Police and military officers fanned out along a key highway into Lima Sunday to prevent it from being overrun by anti-government strikers protesting in support of their employer, US mining firm Doe Run.
Interior Minister Octavio Salazar said 2,000 police officers and 500 troops will stand guard over a 10-kilometer (six-mile) stretch of Highway 20 linking Lima and La Oroya, 185 kilometers (115 miles) to the east, where Doe Run's mining facilities are located.
"We won't let them block the highway," Prime Minister Javier Velazquez told a press conference.
"We've ordered police and soldiers on the move to ensure the free flow of traffic" leading to the idled American firm.
Doe Run was shut down several months ago for failing to comply with new federal environmental rules.
Workers at the factory are planning to go on indefinite strike Monday to compel the government to push back a July 15 deadline it has imposed on Doe Run to comply with new environmental regulations.

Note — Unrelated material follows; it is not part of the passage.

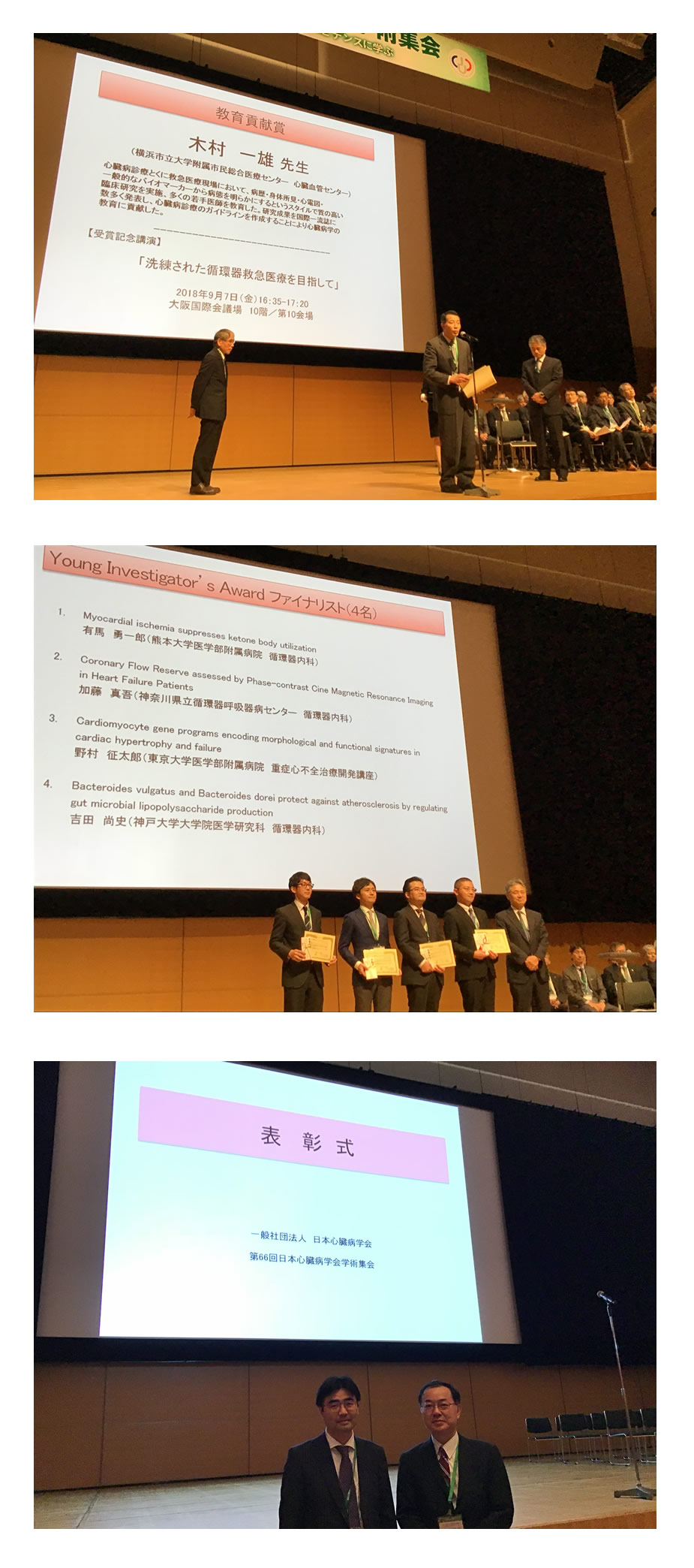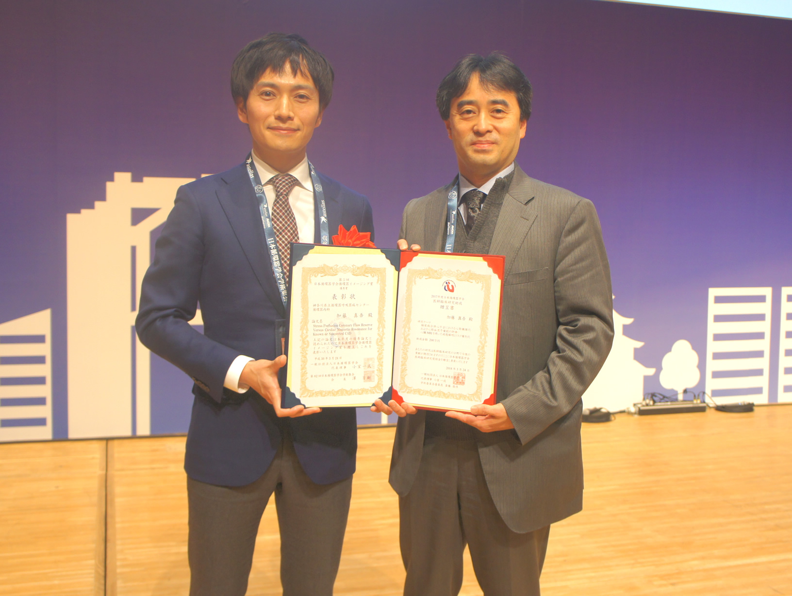 2018年3月23日-25日 大阪で第82回日本循環器学会総会が開催され,神奈川県立循環器呼吸器病センター循環器内科の加藤真吾博士が「日本循環器学会循環器イメージング賞 優秀賞」ならびに「日本循環器学会医師臨床研究助成」に選出され、大会2日目の授賞式において表彰されました(写真).

The government has said that the company, whose smelting operations were suspended several months ago, must prove that it is in compliance with environmental laws before it will be allowed to reopen.
Velazquez said the strike by Doe Run workers is intended to "pressure the government to accept the company's conditions for resuming operations."

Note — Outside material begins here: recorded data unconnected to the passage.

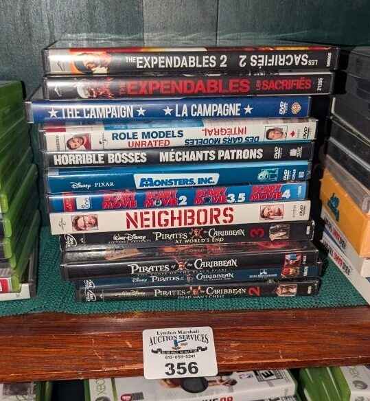 Pirates of the Caribbean, Scary Movie series, etc DVDs
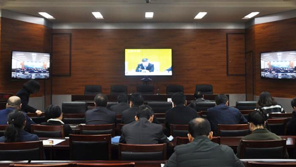 11月7日,全國小微企業(yè)金融服務(wù)電視電話會議召開,我縣相關(guān)單位和企業(yè)負責人在我縣分會場收聽收看。(景淑寧)
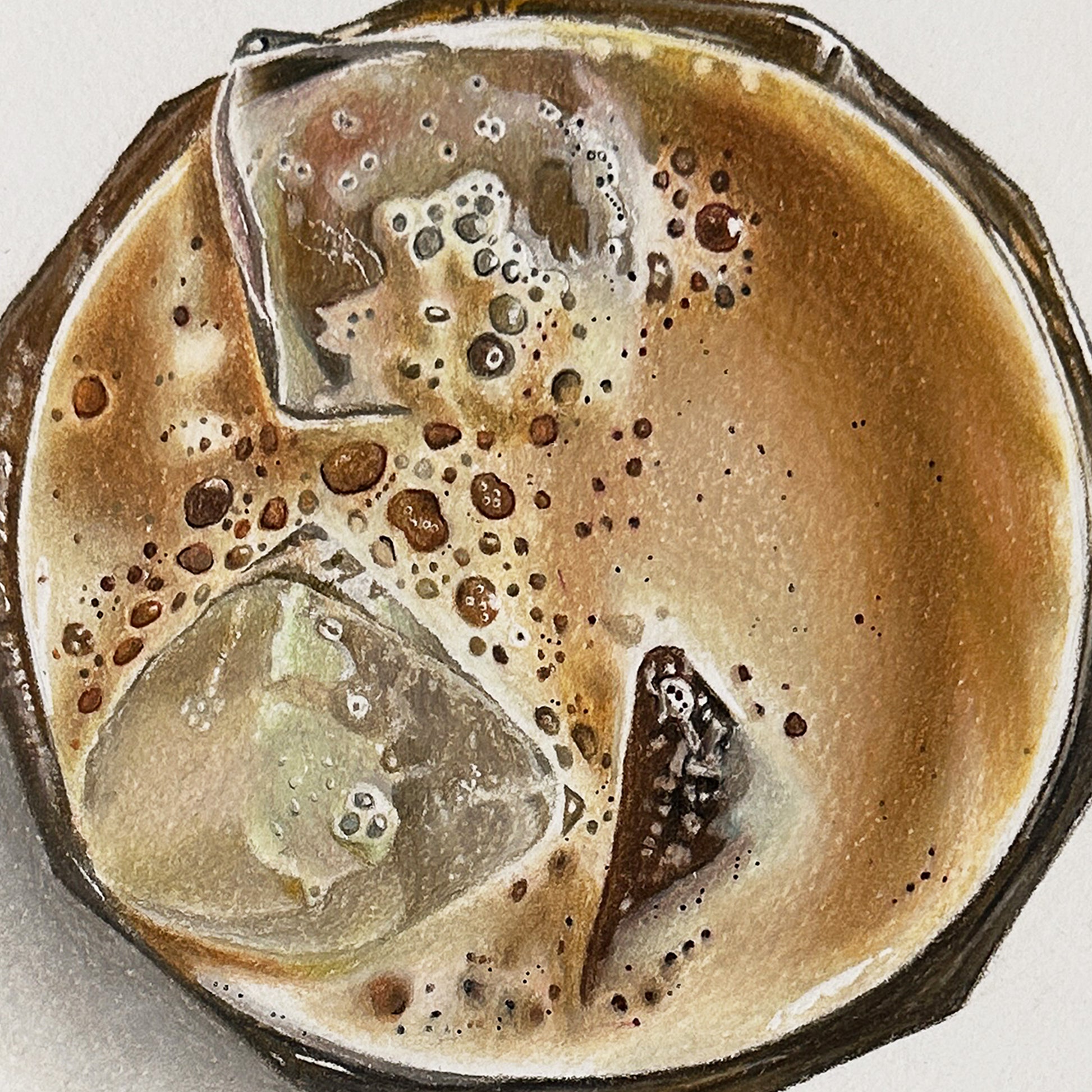 (2023) My first attempt at bubbles was my Filthy Rich soap suds drawing from 2022. This was my second attempt, and we love to see improvement! This piece also opened up a new door to the intricacies of ice. Have a look next time - how many colors do you see? Enough to drive you blurry-eyed to draw.

He accused Doe Run of resorting to "blackmail" by inciting its workers to side with the company's demand for a deadline extension so it can adapt the facility to stricter, anti-pollution regulations.

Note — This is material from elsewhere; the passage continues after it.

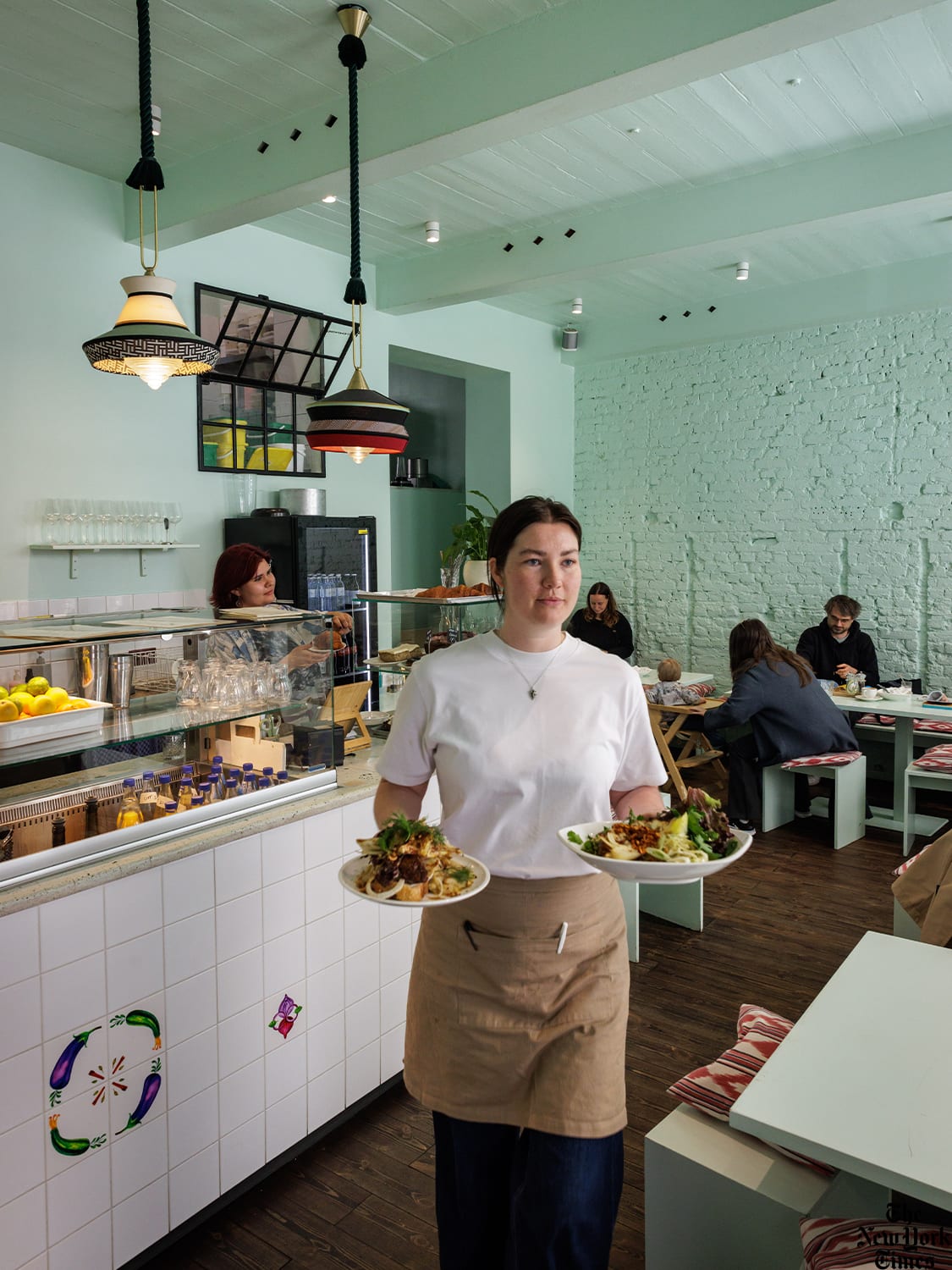 The sisters Xenia and Sophie von Oswald mix and match Persian, German and Australian influences at rocket + basil, an easygoing, no-reservations eatery near the busy Potsdamer Platz, with exposed brick walls painted mint green inside. This is the place to load up on fibre, with a weekend menu that includes an omelette filled with butternut squash and leeks, then topped with a kale and sesame salad, or a thick sourdough toast piled high with cannellini beans, roasted radicchio and hazelnuts, with dill sprinkled on top. For a sweet option, try the mascarpone pancakes, served with caramelized bananas, maple syrup, pistachio butter and barberries. If you have space left, grab a baked good at the counter; the moist pistachio-rosewater cake and the tahini-halva brownie are equally delightful (brunch for two, 40 euros).

Velazquez said the government would hold Doe Run responsible "for all acts of violence that may occur" during the strike, and accused the local miners' union of supporting the US company's stance against the government.
Doe Run was privatized and sold to Doe Run in 1997 with the hope it could be converted into a clean-running facility. The smelter has provided jobs for a century to La Oroya residents — now numbering 30,000 — but has also made it one of the most polluted cities in Peru.
Doe Run also owes more than 200 million dollars in debts and back taxes and is asking for a 20 year repayment moratorium, which the government says is unacceptable.